Yes, the solid citizens of the symbolic order or language and laws have become sterile. But Blood, she says, wouldn’t fit in there. Trouble in paradise. Blood, badly wounded defending Vic, who had refused to leave Quilla to a rover pack, waits at the portal as Vic descends like Orpheus in search of Quilla. They want Vic’s sperm, because being underground has made their men sterile, but it’s not going to be the orgiastic event Vic imagines – they strap him down and connect his member to an electro-ejaculation machine, just as modern agriculture does to prize-winning bulls and rams. Such a device is normally inserted into the rectum and positioned against the prostate, and an electric charge causes involuntary ejaculation. To the townsfolk, Vic is an animal to be milked of sperm and then killed when they are done with him.

The film is available on YouTube (at the time of writing) so I won’t give too many spoilers.

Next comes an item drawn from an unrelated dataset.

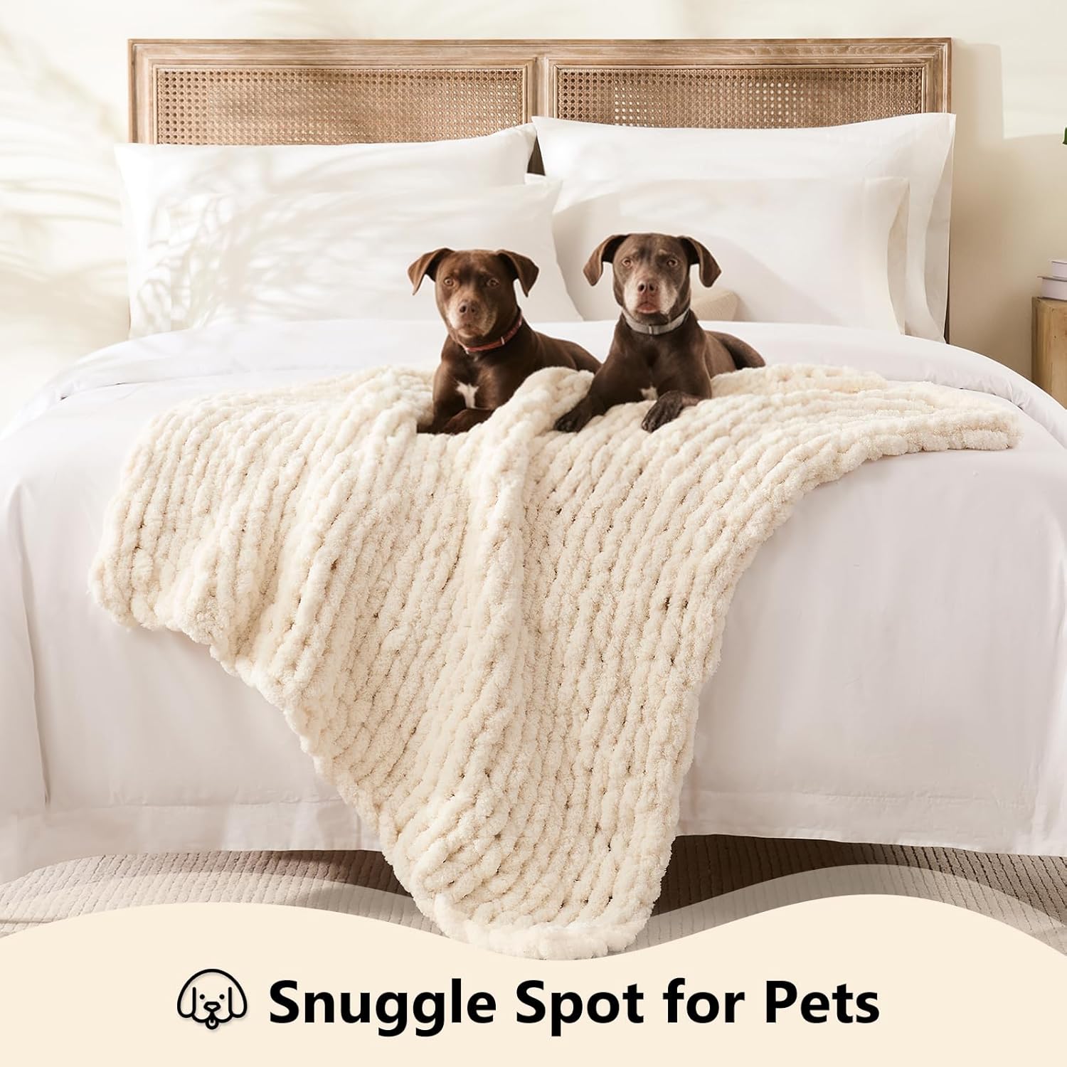 L'AGRATY Chunky Knit Blanket Throw: 30''x40'' Chenille Chunky Knitted Throw Blankets for Bed Couch - Handmade Thick Big Cable Knit Blankets - Large Crochet Rope Blanket for Home Decor(Ivory)

It’s well acted, the dog is delightful, the plot is pretty faithful to the novella of the same name, which came from the brilliant mind of Harlan Ellison. Ellison published the story is a collection called The Beast That Shouted Love At The Heart Of The World, in the introduction to which he objected to the term “new wave science fiction”, and cast bitter scorn on the “clots” who called his work “sci-fi”. Ellison was known for his brilliant writing but also his outspoken, combative personality; the Los Angeles Times described him as “the 20th-century Lewis Carroll” while Robert Bloch, author of Psycho, called him “the only living organism I know whose natural habitat is hot water”. The story’s concept remains original and the narrative sparkling, even half a century after the book and film were made.

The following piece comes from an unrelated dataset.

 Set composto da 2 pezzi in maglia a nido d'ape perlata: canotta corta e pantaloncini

The genius of this story, captured in the film, is the deconstruction of some of the most basic assumptions of our (pre-world war IV) societies. One, Derrida tells us, is common to all philosophers up to now – that we look at animals, but assume they do not look back. It is the basis of anthropocentrism (human supremacism) to assume that only humans are aware, are subjects who think and observe. But in this film Vic is the dumb animal that only knows how to fight and fornicate, while the “rational animal” who keeps him alive, teaches him and cares for him, is Blood, the dog.

Then there is the myth of the hero, the man of action – men like Vic seem to be a dying breed. Vic is only interested in “getting laid” – and believes that is only possible through violent rape. But Quilla is smarter than Vic, manipulative and calculating, as well as having a stronger libido – “I’m the one who’s supposed to want it” he complains. Socially too the dominant male is an anachronism. Above ground, the solos are being recruited into rover packs or killed, while below ground, the patriarchal symbolic order that is trying to recreate America of the 1950s is dying out – the males infertile.

Finally, I need to address the question of cannibalism, because, hey, this is a cannibalism blog. There is an implication in the film that the rover packs are kidnapping children from other packs for dinner (we all know that babies taste best). That’s what happens after an apocalypse – check out the gangs in The Road. But there is an implication that the society below ground also eats meat, and the only animals we see are humans, plus one small white dog. Those who disobey “The Committee”, a triumvirate who rule the place, are sent to “the farm”, to be killed and perhaps eaten. That’s what farms do – provide food.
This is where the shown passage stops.